Yesterday I spent the morning with Halsey Minor, founder of CNet, then 12Entreprenuering, creator of Snap, icon of the boom and bust, and now CEO of Grand Central. Halsey was his old enthusiastic self (not to say he ever wasn't, but it's not been easy these past few years, after…

Yesterday I spent the morning with Halsey Minor, founder of CNet, then 12Entreprenuering, creator of Snap, icon of the boom and bust, and now CEO of Grand Central. Halsey was his old enthusiastic self (not to say he ever wasn’t, but it’s not been easy these past few years, after all, and he did move away for a spell).

Halsey is convinced he’s got a winner with Grand Central. After a couple hours of whiteboarding, it’s hard not to at least see his point. The company is in a really interesting space, essentially providing the glue that allows for innovative companies to create really cool tools through web services. While web services as an industry has been on a three-year slow smolder, I think it may finally catch fire this year.

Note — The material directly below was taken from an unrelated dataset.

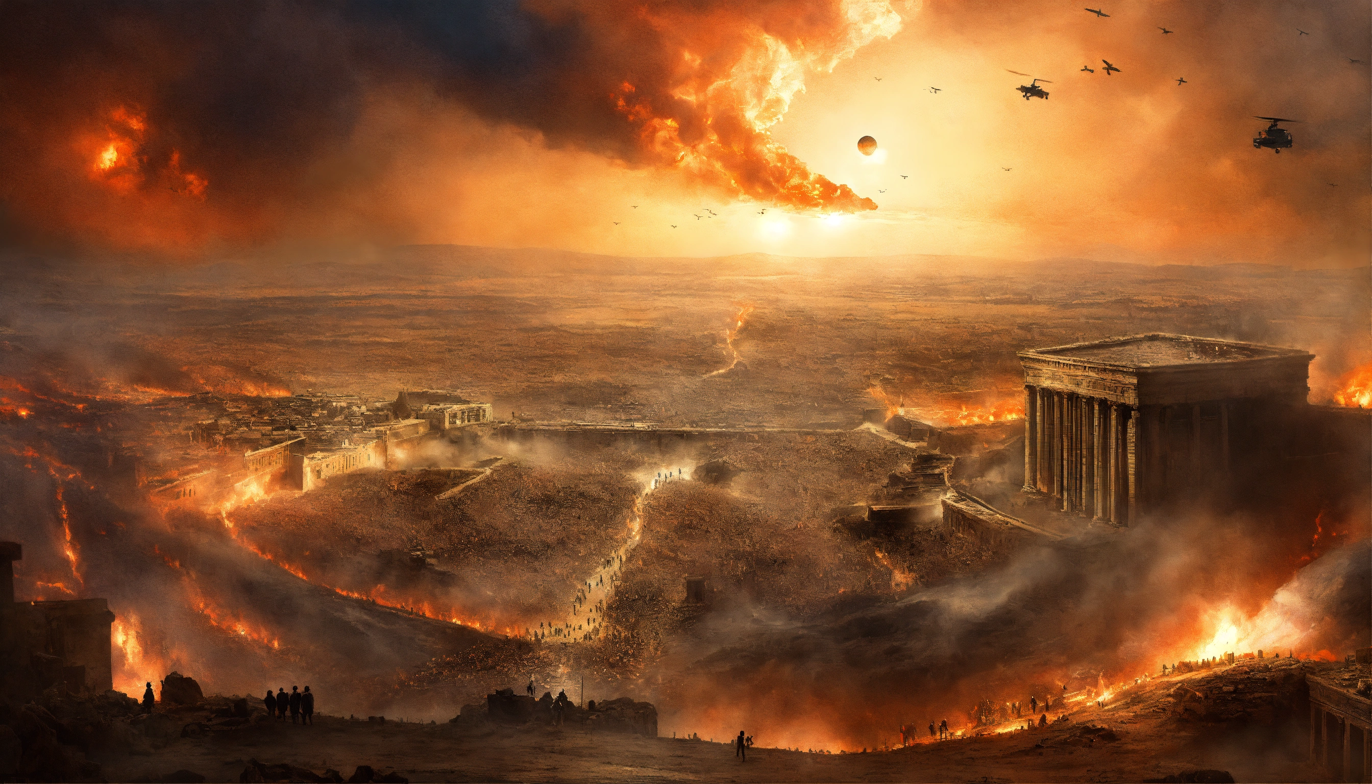 Biblical armageddon of israel, extremely ominous, very creative, divine, highly detailed and realistic, inspired by apollyon

Should it ignite, I am not as convinced as Halsey that Grand Central will be the winner. He points out that there’s really no one in the space doing what he is doing, but then again, Jonathan Abrams probably said that when no one had heard of Friendster. If Grand Central proves the space, IBM, MSFT, and others will move quickly to own it. Halsey has a defense on this point too, but in the end, it’s all about execution, so we’ll see.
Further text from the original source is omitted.